You want to have the libvirt connection management
code to be separate from the sampling.
It is - we did not suggest changing libvrit connections.
Indeed. My biggest reason for that actually boils down to what
Federico suggested on his last email.
By acknowledging stuck calls in the upper layer I believe
we can manage them better on overall.

I think is more akin to a flow error, cannot be recovered
on the lower layers, nor the connection layer can provide
a reliable error handling, so let's just handle this on
application level.
...
...
if promise.wait(timeout):
   try:
       promise.cancel()
   except InProgress:
       # handle
   except AlreadyFninished:
       pass
So what you suggest is actually adding a timeout for libvirt calls, without
heaving such timeout on the libvirt side.
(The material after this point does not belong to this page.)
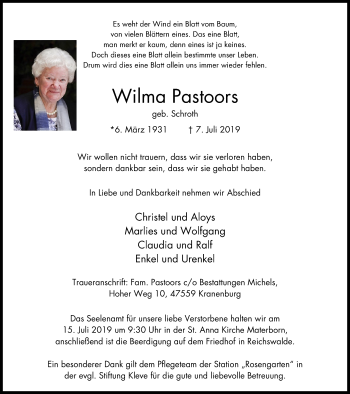 Anzeige Wilma Pastoors geb. Schroth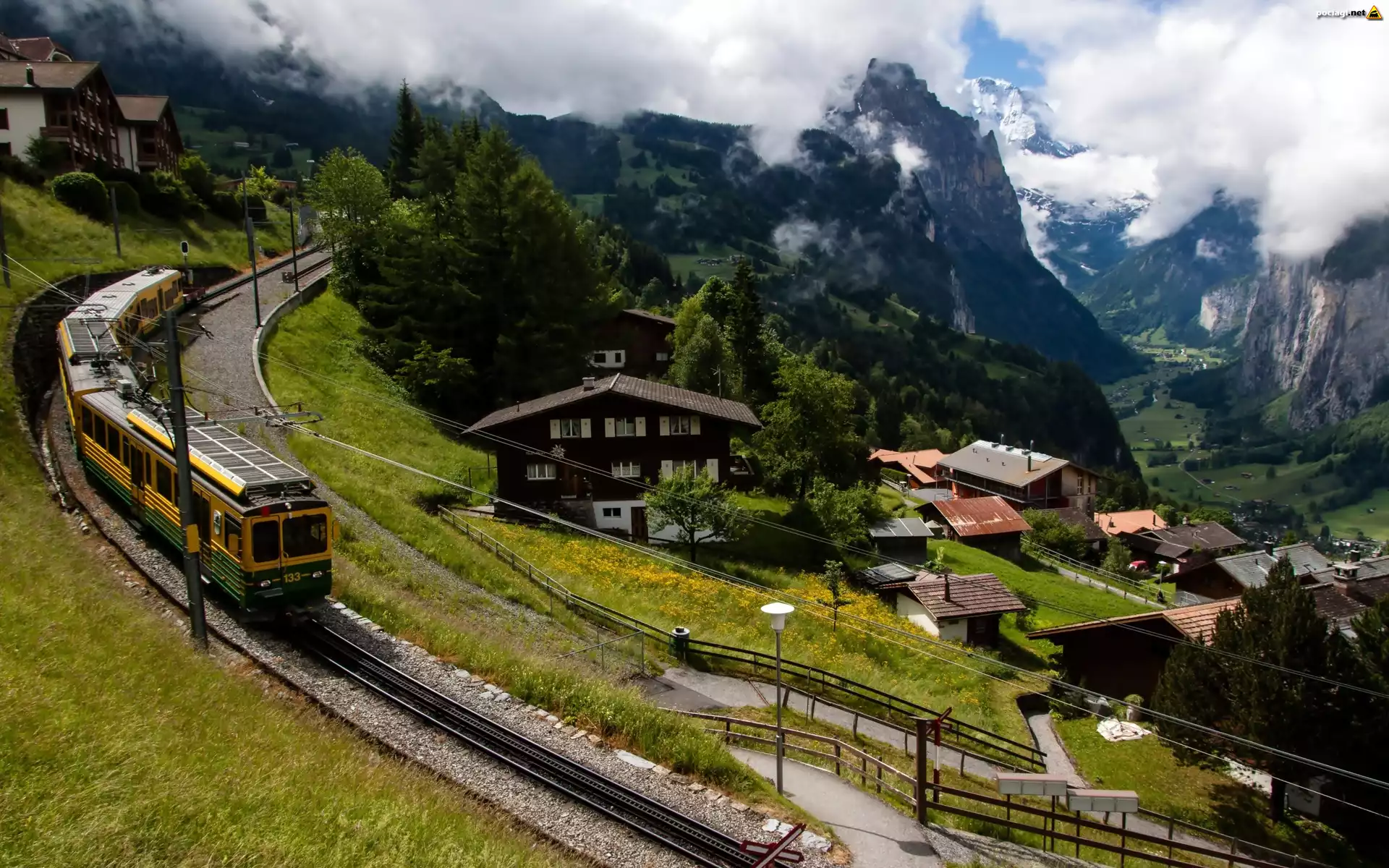 Domy, Kolej, Pociąg, Góry, Chmury, Lauterbrunnen, Szwajcaria

If we had this on the libvirt,
side, we would not have to add anything, right?
The current code that blocks on libvirt call will block on a condition
variable, and the real call will block on libvirt in a worker thread.
If the worker thread finish before the timeout, the calling code will
get the result, and if it is stuck or finish after the timeout, the calling
code will get a timeout.
This is nice, but we are left with the worker thread stuck on libvirt, or
if it finished after the timeout, we lost the result of the call.
This design imply 2 threads - the calling thread, and the worker threads,
so it does not scale and cannot be used for sampling, where we like to have
only one thread triggering sampling calls, and the worker threads executing
them.
For the api calls, where we have a connection/request thread running libvirt
code, this adds a timeout using small additional cost (few other worker
threads),
and a condition variable and lock for each worker thread.
Michal, Francesco: do we want timeout on libvrit calls, leaving threads stuck
on libvirt, or do we like to wait for libvirt call to return?
Well I see little benefit for additional timeout.

And surely (sorry for the repetition, but IMO worth stressing out)
we need to be nice with libvirt, thus wait is doing the less harm, because
we want to avoid to clog libvirt by issuing more call that we will know in advance they
would fail (since one is still stuck holding the QEMU monitor).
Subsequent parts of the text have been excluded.